According to the logs, this is happening after waiting for 15 seconds and before the call via Axios, before finishing the first attempt.
You can see in the logs that after closing the connection, the logic continues and finishes with all the attempts with no problems whatsoever.
There is nothing in the logs as to why the connection is closed, not even from the Fastify onError hook declared.
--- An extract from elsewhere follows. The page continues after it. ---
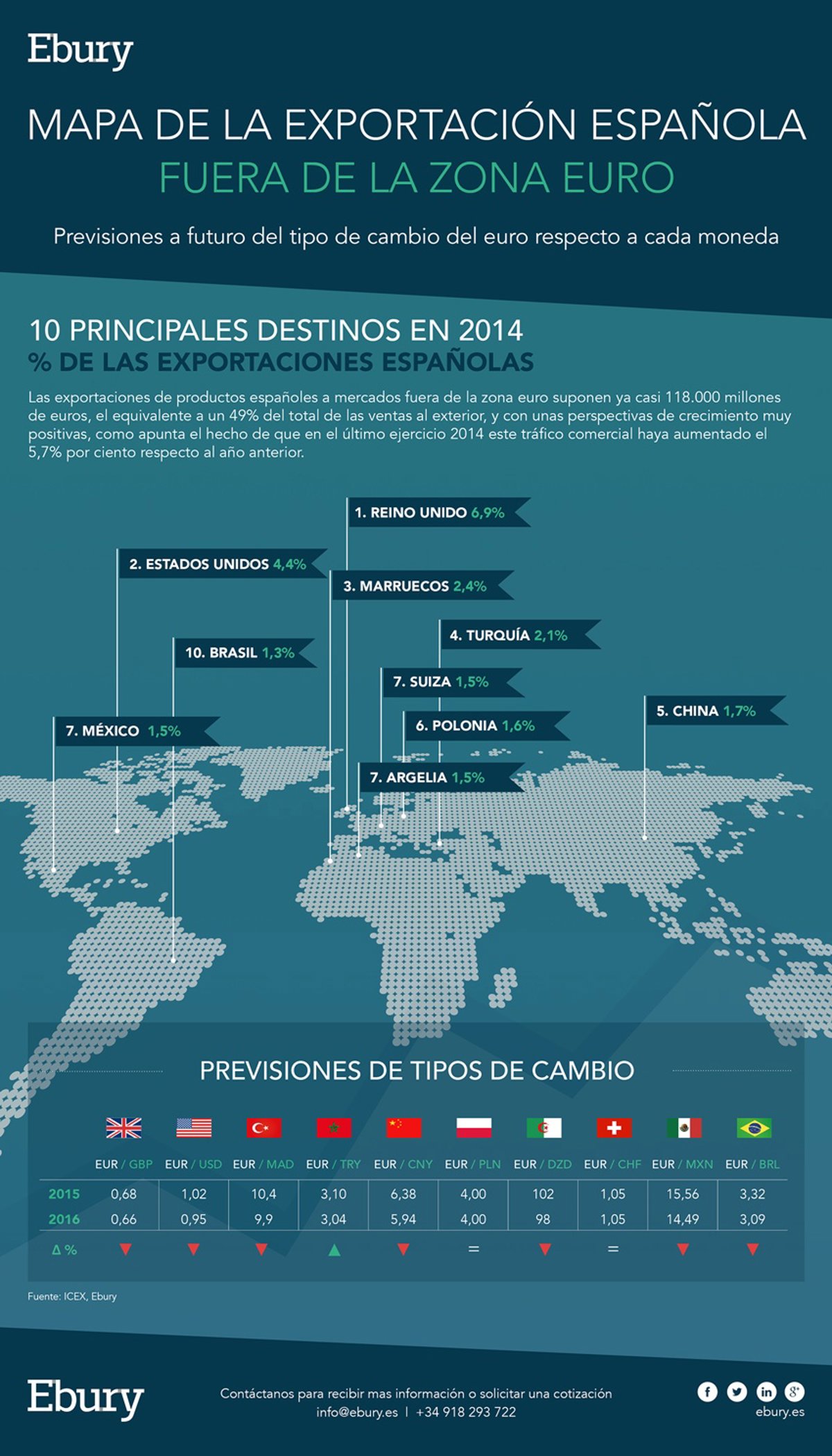 Según Ebury, el país más importante para las exportaciones españolas fuera de la eurozona es Reino Unido, con un 6,9% del total, seguido de Estados Unidos (4,4%), Marruecos (2,4%), Turquía (2,1%) y China (1,7%).

Nothing from Axios either. I guess if there were any timeouts that would throw an exception and be logged.
Important note
Noted that connections are not dropped if I change the waitBeforeAttempt implementation to implement a busy wait instead of setTimeout ie:
function waitBeforeAttempt() {
const start = new Date();
let now;
while (true) {
now = new Date();
if (now - start >= 15000) {
break;
}
}
}
Is there anything I'm doing wrong that is causing the connections to be dropped? Perhaps the 15 seconds wait is too high? I have other setTimeout in the code via Puppetter (same implementation as mine) that don't seem to be causing the problem.
Just answering my own question. The problem turned out to be nothing related to the wait or timeouts.
This wasn't happening when the Node.js service was running locally, only happening intermittently when running on Kubernets + Nginx.
Nginx was just restarting without any apparent reason.
Nginx has been updated and the issue is not showing anymore.